SilentButDeadly: The New Tool Disrupting EDR and AV Communications
A groundbreaking open-source tool named SilentButDeadly has been introduced, aiming to disrupt the network communications of Endpoint Detection and Response (EDR) and antivirus (AV) software. Developed by security researcher Ryan Framiñán, this tool utilizes the Windows Filtering Platform (WFP) to create temporary, bidirectional blocks on EDR cloud connectivity, effectively isolating threats without terminating processes.
Understanding SilentButDeadly’s Mechanism
SilentButDeadly operates by targeting a critical vulnerability in modern EDR architectures: their reliance on cloud-based telemetry for real-time analysis and updates. By obstructing outbound data uploads and inbound command receptions, the tool effectively neutralizes remote management and threat intelligence sharing capabilities of EDR systems. Unlike aggressive evasion methods that disrupt security processes, SilentButDeadly focuses on stealthy network isolation, making it particularly useful for red-team exercises and malware analysis in controlled environments.
Execution Process of SilentButDeadly
The execution of SilentButDeadly unfolds in several structured phases:
1. Privilege Verification: The tool begins by verifying administrative privileges using Windows APIs like `CheckTokenMembership()`. Users are interactively prompted to proceed, enhancing control over the operation.
2. Process Discovery: It scans running processes via `CreateToolhelp32Snapshot()`, matching against a predefined list of EDR targets such as SentinelOne’s `SentinelAgent.exe` and Microsoft Defender’s `MsMpEng.exe`. Once identified, it queries full process paths and initializes WFP with a dynamic session flagged by `FWPM_SESSION_FLAG_DYNAMIC` for automatic cleanup.
3. Network Blocking Implementation: Network blocking is implemented at Application Layer Enforcement (ALE) layers: outbound via `FWPM_LAYER_ALE_AUTH_CONNECT_V4` and inbound via `FWPM_LAYER_ALE_AUTH_RECV_ACCEPT_V4`, using high-priority weights (`0x7FFF`) and process-specific AppID conditions.

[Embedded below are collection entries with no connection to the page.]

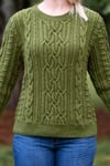 Materials: DK weight wool blend: 1660 (1810, 2030, 2230) (2365, 2570, 2810) (2960, 3140, 3360) yards. Model knit in Berroco Vintage DK (52% acrylic, 40% wool, 8% nylon; 100 grams / 290 yards): color #2175 Fennel.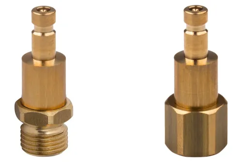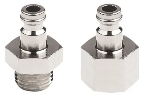 Ausführung wählen Dieses Produkt weist mehrere Varianten auf. Die Optionen können auf der Produktseite gewählt werden / DetailsStecker für Eurostandard-Schnellkupplung MINI DN 5, ohne Ventil, mit Außengewinde oder Innengewinde BSP, weit verbreitet in der Industrie (für Luft, Stickstoff und andere nicht brennbare Gase), wo geringe Abmessungen und hohe Durchflussleistung bei geringem Druckabfall erforderlich sind. Austauschbar mit RECTUS 21 und Schnellkupplungen mit EURO DN 5 Profil anderer Hersteller. Betriebsdruck: 35 bar. Betriebstemperatur: von -20°C bis +100°C. Material: Messing.
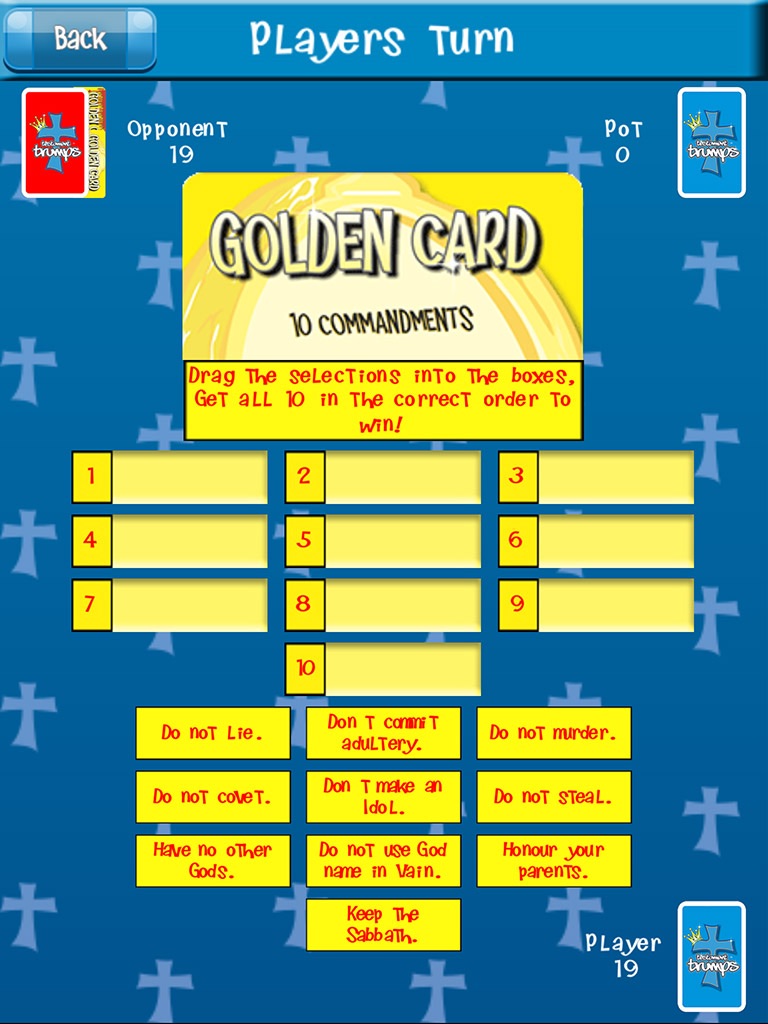 > Golden Cards – special trump cards where you challenge opponents to remember things i.e The 10 Commandments or Plagues on Egypt

Filters convert executable paths to WFP blobs with `FwpmGetAppIdFromFileName0()`, ensuring precise targeting.
4. Service Disruption: Following isolation, the tool disrupts services by stopping them gracefully and setting startup types to `SERVICE_DISABLED`, preventing restarts. A summary displays affected processes, block counts, and WFP status before optional cleanup removes all rules.

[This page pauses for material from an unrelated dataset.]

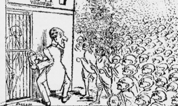 O cartum, publicado em 1932, ironiza as consequências sociais das constantes prisões de Mahatma Gandhi pelas autoridades britânicas, na Índia, demonstrando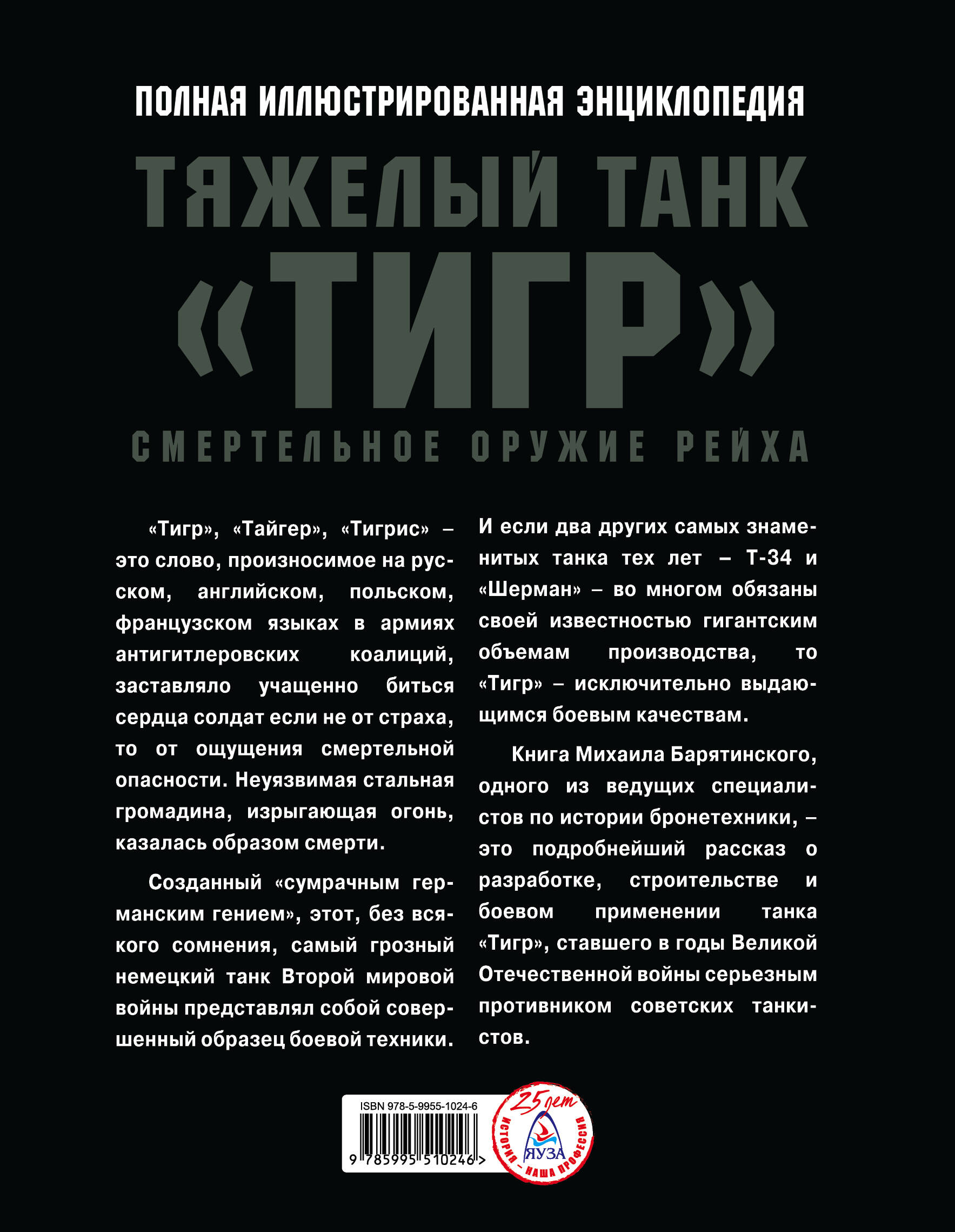 "Тигр", "Тайгер", "Тигрис" - это слово, произносимое на русском, английском, польском, французском языках в армиях антигитлеровских коалиций, заставляло учащенно биться сердца солдат если не от страха, то от ощущения смертельной опасности. Неуязвимая стальная громадина, изрыгающая огонь, казалась образом смерти. Созданный "сумрачным германским гением", этот, без всякого сомнения, самый грозный немецкий танк Второй мировой войны представлял собой совершенный образец боевой техники. И если два других самых знаменитых танка тех лет - Т-34 и "Шерман" - во многом обязаны своей известностью гигантским объемам производства, то "Тигр" - исключительно выдающимися боевым качествам. Книга Михаила Барятинского, одного из ведущего специалистов по истории бронетехники - это подробнейший рассказ о разработке, строительстве и боевом применении танка "Тигр", ставшего в годы Великой Отечественной войны серьезным противником советских танкистов.

Supported Targets and Features
SilentButDeadly supports targets including SentinelOne, Windows Defender, and Defender ATP (`MsSense.exe`), with extensibility via a simple array. Command-line options like `–verbose` for logging and `–persistent` for enduring filters add flexibility, while robust error handling provides graceful fallbacks.
Security and Detection Considerations
The tool emphasizes the use of legitimate APIs only, with no kernel tweaks, though it requires administrative rights. Operationally, it severs EDR updates, telemetry, and scans but leaves local detection intact. Detection risks include WFP event logs (IDs 5441, 5157) and service modifications, detectable via `netsh wfp` commands or PowerShell queries.

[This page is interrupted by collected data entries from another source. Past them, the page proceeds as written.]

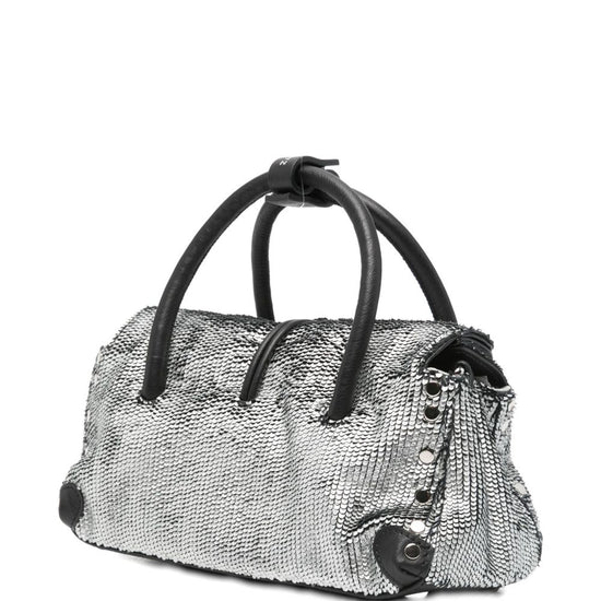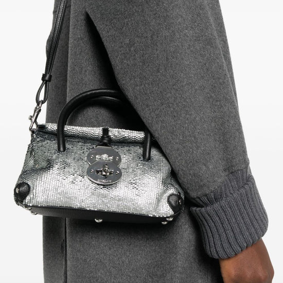 Silver-tone top handles destachable strap this piece comes complete with a protective dust bag. dotta cbi baby leather handbag size and fit - depth: 11.0 centimetres. handle: 13.0 centimetres. height: 11.0 centimetres. width: 23.0 centimetres.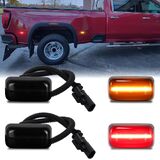 LED Dually Fender Side Marker Lights For 2015-2025 Chevy Silverado GMC Sierra 2500HD 3500HD 3-rows Amber & Red Dual Rear Wheel Truck Bed Marker Lamps, Smoked Lens 4PCS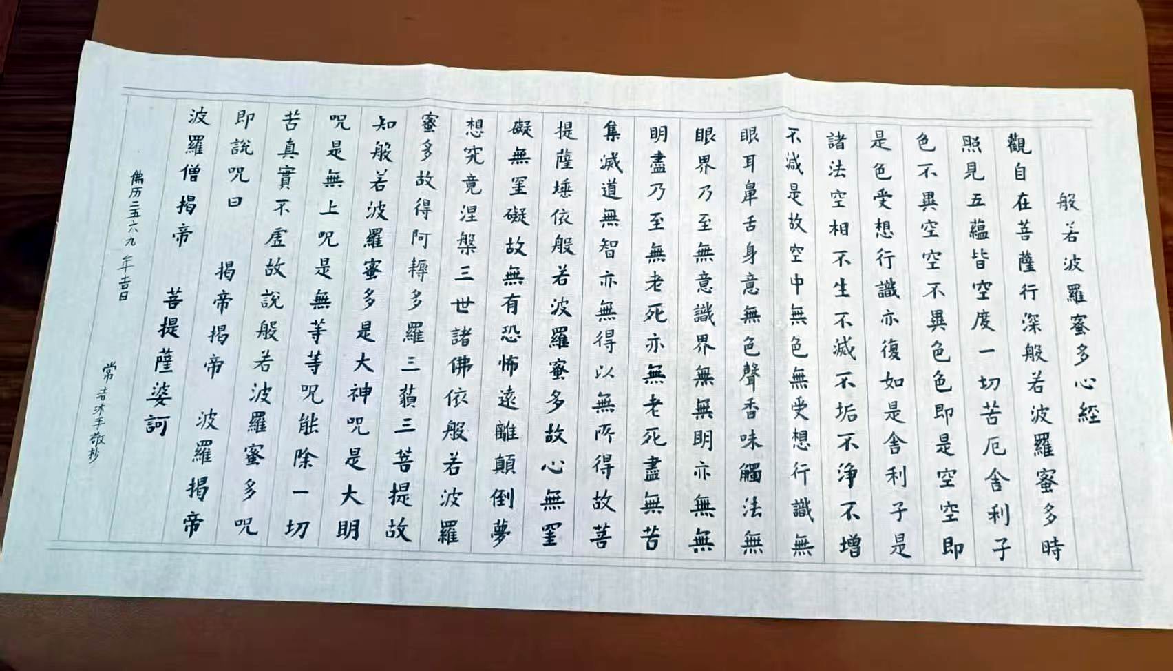 赞赞我太太,一位从未执过毛笔,更从未学过书法,完全从零开始,连业余都不是的医生书写出的《抄心经》,这是她第二次学人抄心经的习作,第一次在上星期二(12.2)。

Ethical Use and Availability
Framiñán stresses ethical use for authorized testing, urging defenders to monitor WFP changes and implement resilient EDR designs with local caching. SilentButDeadly is available on GitHub under the repository `loosehose/SilentButDeadly`, sparking discussions on EDR dependencies and potentially driving vendor improvements. As cyber threats evolve, such research underscores the need for balanced architectures less reliant on constant connectivity.